▶ **BRIEF**:
Return the data verbatim, without pictures.

[[ DATA PROVIDED open ]]

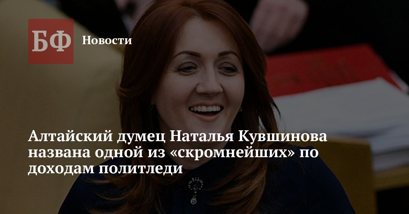 Депутат Госдумы от Алтайского края Наталья Кувшинова признана одной из «беднейших» по доходам женщин в российской власти по версии «Ленты.ру». Ее даже близко нельзя ставить в один ряд с другими женщинами-думцами, сенаторами, чиновницами правительства и Кремля, следует из рейтинга издания. Впрочем, в месячном выражении она все равно получает в разы больше средней зарплаты по Алтайскому краю.
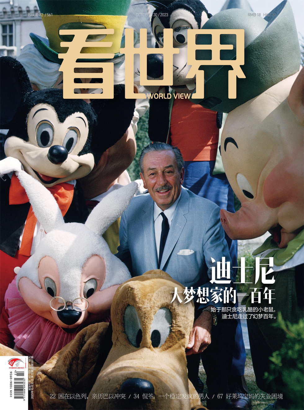 1955年,华特·迪士尼(后期上色图片) 今年10月15日,华特·迪士尼重新回到了自己的乐园—以“创梦家”铜像的模样。 位于中国香港的迪士尼乐园里,华特和米奇一起坐在奇妙梦想城堡前的长凳上,看着头顶的烟花璀璨绽放在夜空。长凳仿自格里菲斯公园旋转木马前那一条,当年,华特正是坐在那里,萌生了兴建迪士尼乐园的念头。 时间回到100年前,一切还得从那只黑白老鼠讲起。 1923年10月16日,带着身
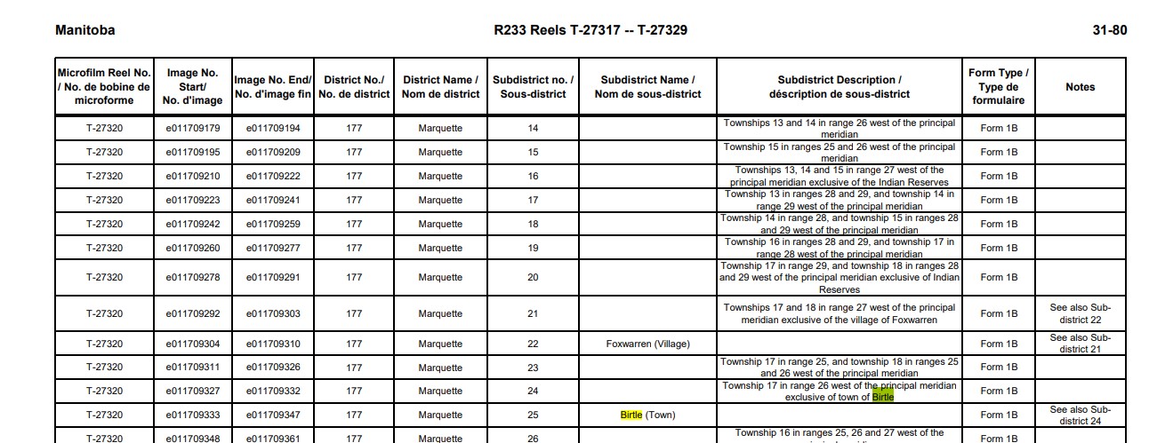 You may choose to begin with a keyword search related to your place of interest in the finding aid for a province or territory. For example, searching the Manitoba sub-district description finding aid for “Birtle” yields three results within the census district “Marquette”: sub-district 25 for “Birtle (Town)”; sub-district 24 for “Township 17 in range 26 west of the principal meridian exclusive of town of Birtle”; and sub-district 63 for the residential school of the same name. Alternatively, you may choose to navigate to a particular census district (like “Marquette”), then browse all sub-district descriptions within that census district.

[[ DATA PROVIDED closed ]]

▶ **FINISHED TASK**:
 Депутат Госдумы от Алтайского края Наталья Кувшинова признана одной из «беднейших» по доходам женщин в российской власти по версии «Ленты.ру». Ее даже близко нельзя ставить в один ряд с другими женщинами-думцами, сенаторами, чиновницами правительства и Кремля, следует из рейтинга издания. Впрочем, в месячном выражении она все равно получает в разы больше средней зарплаты по Алтайскому краю.
 1955年,华特·迪士尼(后期上色图片) 今年10月15日,华特·迪士尼重新回到了自己的乐园—以“创梦家”铜像的模样。 位于中国香港的迪士尼乐园里,华特和米奇一起坐在奇妙梦想城堡前的长凳上,看着头顶的烟花璀璨绽放在夜空。长凳仿自格里菲斯公园旋转木马前那一条,当年,华特正是坐在那里,萌生了兴建迪士尼乐园的念头。 时间回到100年前,一切还得从那只黑白老鼠讲起。 1923年10月16日,带着身
 You may choose to begin with a keyword search related to your place of interest in the finding aid for a province or territory. For example, searching the Manitoba sub-district description finding aid for “Birtle” yields three results within the census district “Marquette”: sub-district 25 for “Birtle (Town)”; sub-district 24 for “Township 17 in range 26 west of the principal meridian exclusive of town of Birtle”; and sub-district 63 for the residential school of the same name. Alternatively, you may choose to navigate to a particular census district (like “Marquette”), then browse all sub-district descriptions within that census district.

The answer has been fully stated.